Well, this is strange. How did a hormone and a neurotransmitter get into the same sentence? After all, one is in the brain and one is in the body? Heck, when we study anatomy and physiology, we learn about the neurotransmitters (like dopamine, serotonin and acetylcholine) in our neurology classes. After we go through all of that, we close that chapter and move on to the next chapter. The next chapter could very well be hormones, but you only learnt about them once you have closed the chapter on neurotransmitters.
Now we know neurotransmitters are not just limited to the neurons. For example, the ‘neurotransmitter’ serotonin is mostly found in your bowels. In fact, 95% of the serotonin in your body is found in your bowels and only 5% is found in your brain. This is remarkable because for decades, serotonin was a brain chemical targeted by herbs such as Hypericum and drugs like Prozac.
We now know that neurotransmitters like dopamine and progesterone interact. As we will see later the link between these two chemicals are closely related.
The Invitro History of the Progesterone/Dopamine link
The first lines of evidence that progesterone activates dopamine were completed in an in-vitro setting (i.e., in test tubes). Most lines of evidence start with in-vitro testing because there is no harm to humans and the process is relatively quick and easy to perform. In 1984 a paper was released in “Neuroendocrinology”, which is a paper dedicated to the effects of hormones on the brain. The researchers gave differing doses of progesterone to rats, sacrificed the rats and then measured the release of dopamine from their brains. They found that the dopamine release from the corpus striatum was enhanced when the rats were given progesterone. So, the link was established (in rats at least).

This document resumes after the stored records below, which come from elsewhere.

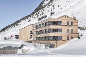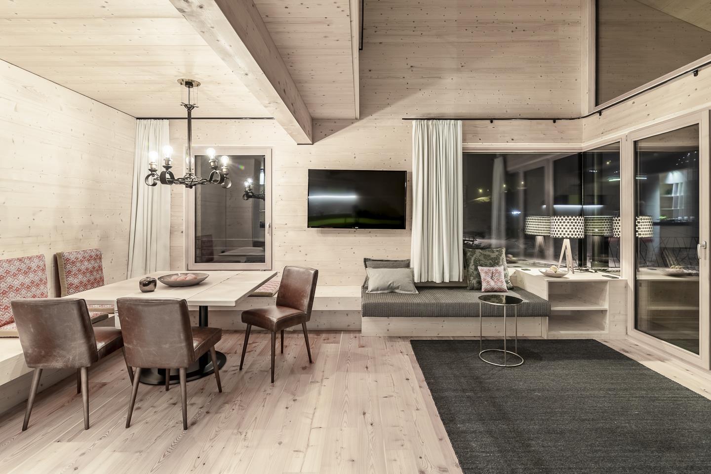 Frei, zeitgeistig und designbewusst steht das 3-Seenhaus da – auf einer stattlichen Höhe von 2.000 m, im reizvollen Kontrast zu seinem aristokratischen Elternhaus. Es duftet nach Lärche und Geborgenheit – ein sinnliches, architektonisches Meisterstück mit Ferien-Appartements, direkt am 3-Seenlift.
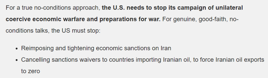 [CodePink insists that American sanctions of Iran should be rolled back completely. Screenshot from CodePink website, October 2019.]
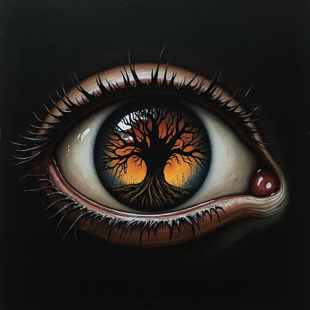 SebastianDraw a human eye with black background and with brown pupils and inside this eye draw a scary tree full of eyes and autumn atmosphere.
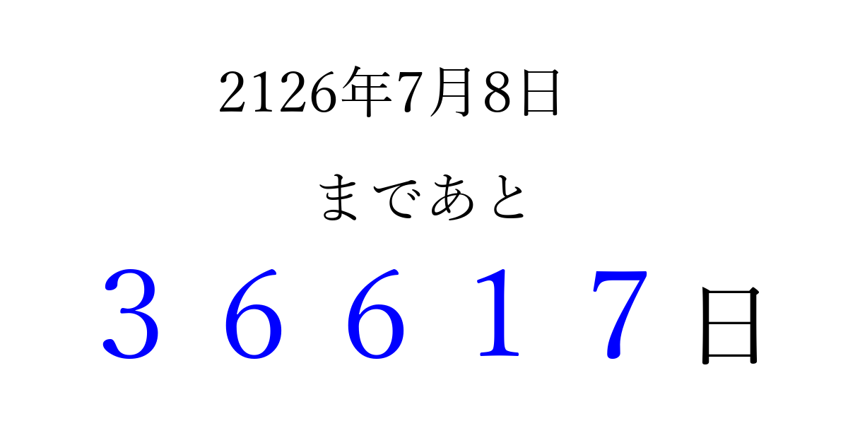 2126年7月8日(月)まで あと 99999 日です 追加すると、トップページからすぐ選べるようになります ※2026/04/06現在の結果です。 最新の状態に更新する ↓シェアして、タイムライン上にカウントダウンを表示しよう!↓ 📤 この結果を共有する Tweet シェア Threads Bluesky 別の日付でカウントダウン 2126年7月のカレンダー このページをブックマークに追加すると、いつでもカウントダウンを確認できます。 (PC: Ctrl+D / Mac: ⌘+D) hitome-notes.comでは以下のページも運営しています。 指定日と期間から日付を計算 | ガチャ確率計算・シミュレーション | プライバシー・ポリシー 運営者:Avocado

The role of Progesterone in the Body
In women with menstrual cycles, progesterone naturally increases and decreases over their 28 day cycle. Put simply, progesterone levels stay relatively low until you ovulate. Once you ovulate, the egg released starts making loads of progesterone to ready the endometrium to accept the fertilised egg so a baby can grow! If the egg is not fertilised, the egg simply dies, stops producing progesterone and the endometrium falls away. Once this endometrium falls away the woman gets her period.
Progesterone in the Human Brain
There is strong evidence that progesterone plays an important role in the human female brain. Progesterone receptors are highly expressed in women’s brains that are involved in emotion, such as the hippocampus and the amygdala. Thus, it makes sense that if there are hormonal receptors there, there is a function of that chemical on that part of the brain and in this case, affects moods via the dopanergic system.

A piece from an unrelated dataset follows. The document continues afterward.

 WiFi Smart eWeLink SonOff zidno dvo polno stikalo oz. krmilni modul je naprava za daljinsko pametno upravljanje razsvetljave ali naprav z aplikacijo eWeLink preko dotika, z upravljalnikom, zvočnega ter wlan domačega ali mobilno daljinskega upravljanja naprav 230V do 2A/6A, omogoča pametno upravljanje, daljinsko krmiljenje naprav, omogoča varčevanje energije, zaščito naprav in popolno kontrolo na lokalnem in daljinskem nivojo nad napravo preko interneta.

The role of Progesterone on Dopamine
While oestrogen can also regulate dopamine release, progesterone also plays a major role. Progesterone can affect dopamine levels via numerous mechanisms including affecting the release, turnover, receptors and transporters. Progesterone has been found to stimulate dopamine release, while oestrogen has been found to inhibit dopamine actions. So clinically, these opposing actions help to regulate dopamine release, if the woman’s hormones are in check. If the hormones become out of balance, dopamine levels, along with other neurotransmitters can change, leading to mood changes that affect some women during their menstrual cycle.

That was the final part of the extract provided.